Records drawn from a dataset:

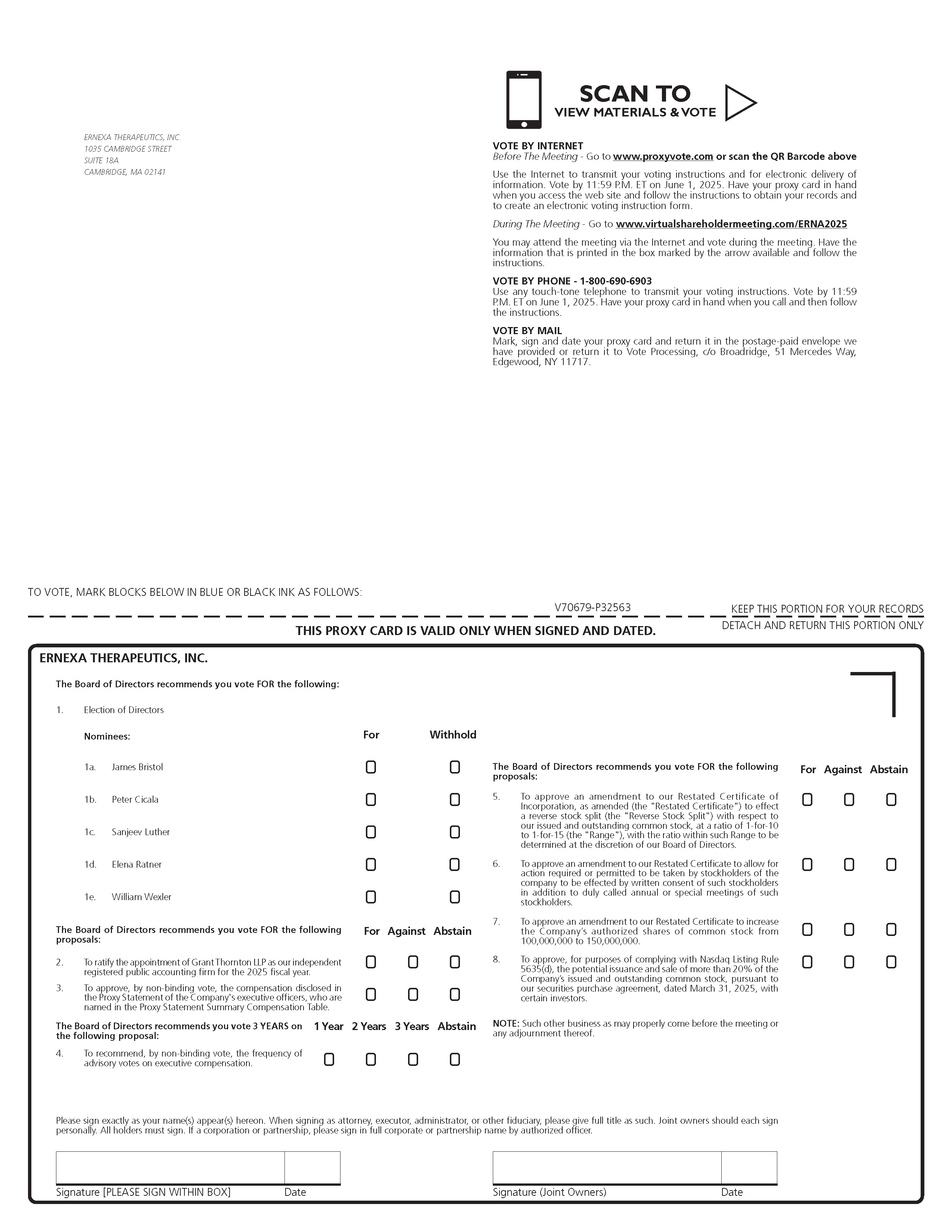 NOTICE IS HEREBY GIVEN that the 2025 annual meeting of stockholders of Ernexa Therapeutics Inc., a Delaware corporation, is scheduled to be held on June 2, 2025, at 11:00 a.m. Eastern Time for the following purposes, which are more fully described in the accompanying proxy statement:
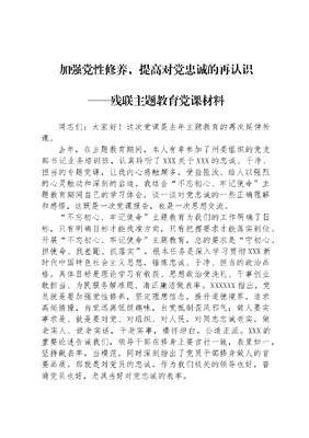 加强党性修养,提高对党忠诚的再认识+——残联主题教育党课材料.docx
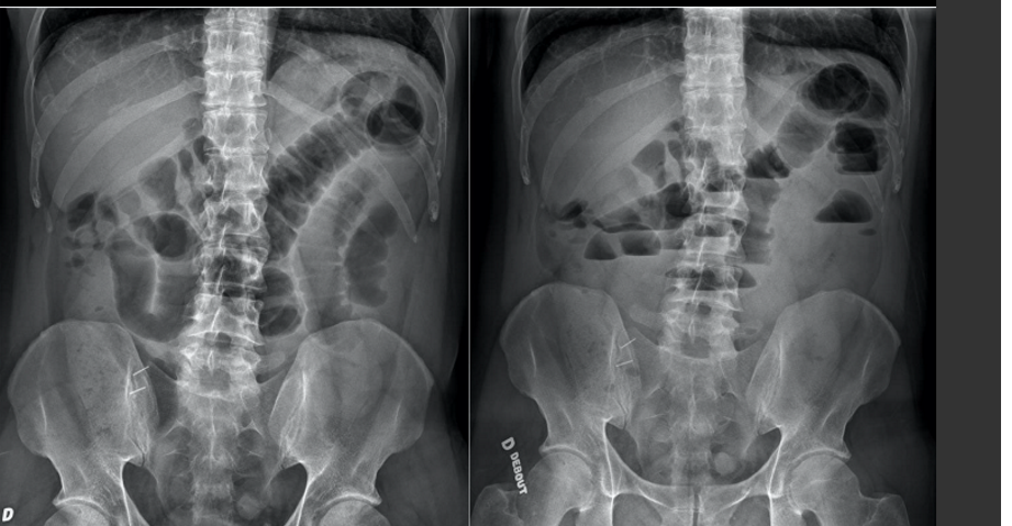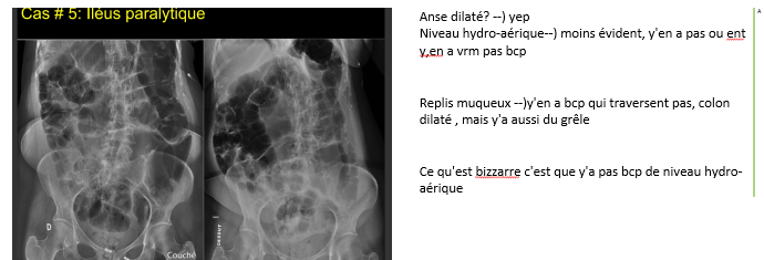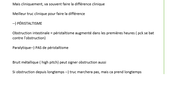 meilleur facon de différencier un illéus paralytique d’une obstruction collique?
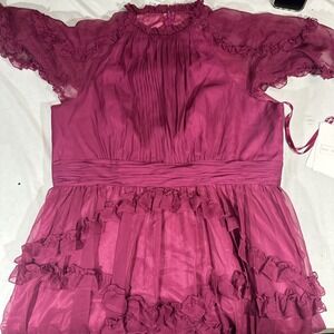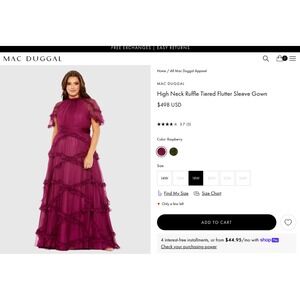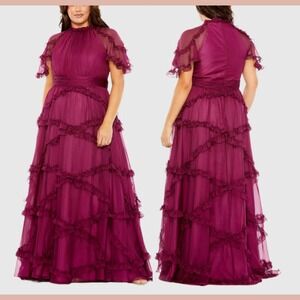 NWT MAC DUGGAL [ 18W ] 68424 High Neck Ruffle Tiered Flutter Sleeve Gown Berry
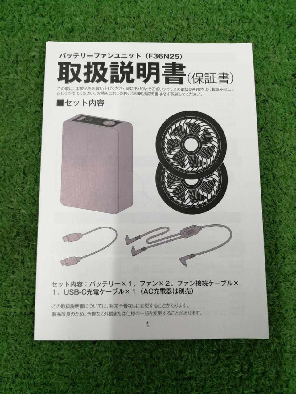 作業服 ・ファン×2 ・ケーブル ・充電ケーブル(AC充電器は別途用意してください) |
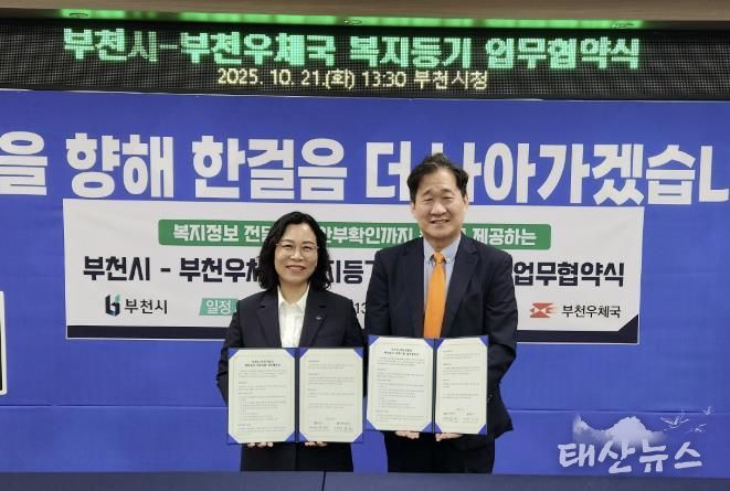 태산뉴스 이동욱 기자 | 부천시는 지난 21일 부천우체국과 ‘복지등기 서비스 지원’을 위한 업무협약을 맺고, 우편배송망을 활용해 복지사각지대를 발굴하고 위기가구를 지원하는 공공협력 체계를 본격적으로 가동한다.
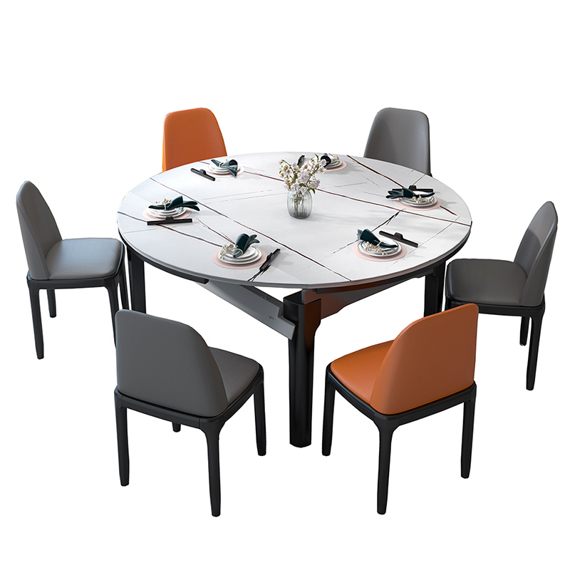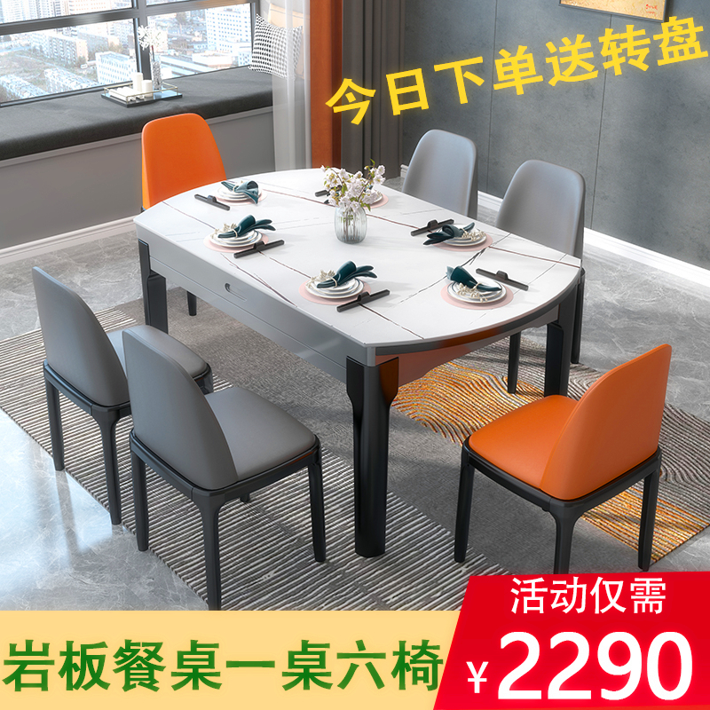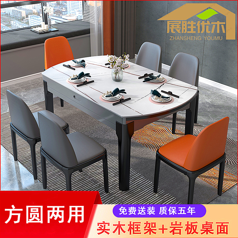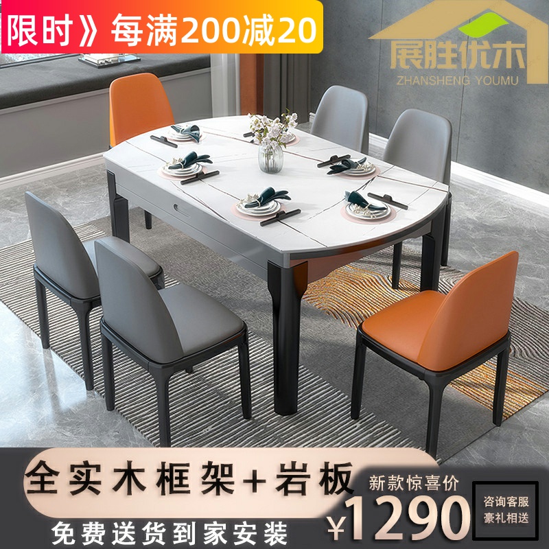 Italian-style light luxury slate solid wood dining table and chair combination modern minimalist household small apartment retractable variable square and round dual-use
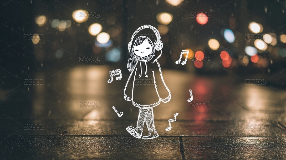 背景,梦幻,艺术,城市,户外,灯光,场景,女孩,耳机,音乐
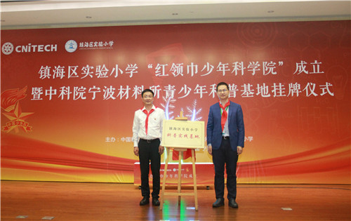 陈亮和韩亚斌为中科院宁波材料所青少年科普实践基地揭牌
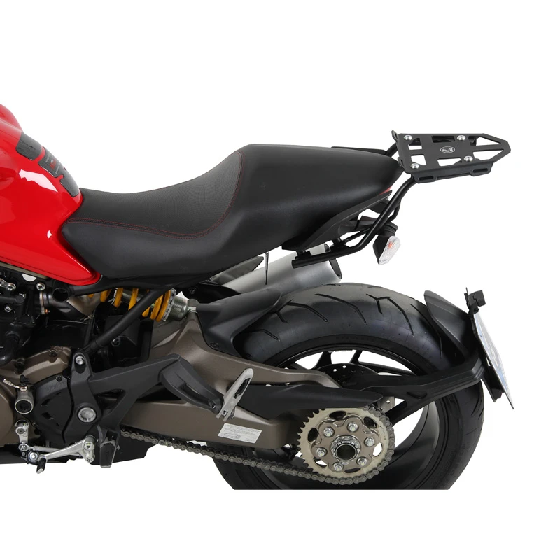 Hepco & Becker’s 660.7525 01 01 Mininrack is made specifically for Ducati Monster 1200 / S. This rack offers a slim, light weight, and unobtrusive luggage solution for those on the go. The Minirack is a small aluminum rack cut out of aircraft grade aluminum with use of a CNC machine. This allows for a perfectly symmetrical shape and cut outs where you are able to strap luggage down. All Miniracks and mounts have a black powder coat finish and are supplied with stainless steel hardware. This rack attaches to the bike using mounting frames and hardware provided in the kit. Everything you need to install this item is provided with the purchase of the Minirack.
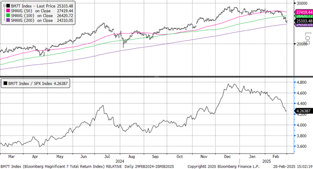 Bloomberg Magnificent 7 Index Absolute (Top) and Relative to the S&P 500 (Bottom)
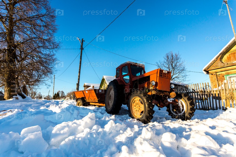 Старый трактор убирает снег зимой на улице традиционной русской деревни
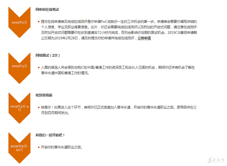 并且,普华永道在北美洲,设有专属的校园招聘人员负责招募对普华永道中国大陆和香港地区感兴趣的同学,并且有机会在北美校园或PwC办公室和同学们面谈。无需返回中国大陆或香港地区进行面试。 在入职前,你会收到普华永道为你量身定制的培训课程。这些课程会为你在今后职场的成长道路上奠定坚实的基础。内容多彩的培训以及经验丰富的导师将为你在普华永道的前行扬帆助力!所以贾老师建议我们在国外期间如果有机会就赶紧行动起来吧。

Problem requirements: Would you write out exactly the lines above, starting at the line containing "背景,梦幻,艺术,城市,户外,灯光,场景,女孩,耳机,音乐" and stopping after the line containing "陈亮和韩亚斌为中科院宁波材料所青少年科普实践基地揭牌"? Omit the pictures.

Written solution:
 背景,梦幻,艺术,城市,户外,灯光,场景,女孩,耳机,音乐
 陈亮和韩亚斌为中科院宁波材料所青少年科普实践基地揭牌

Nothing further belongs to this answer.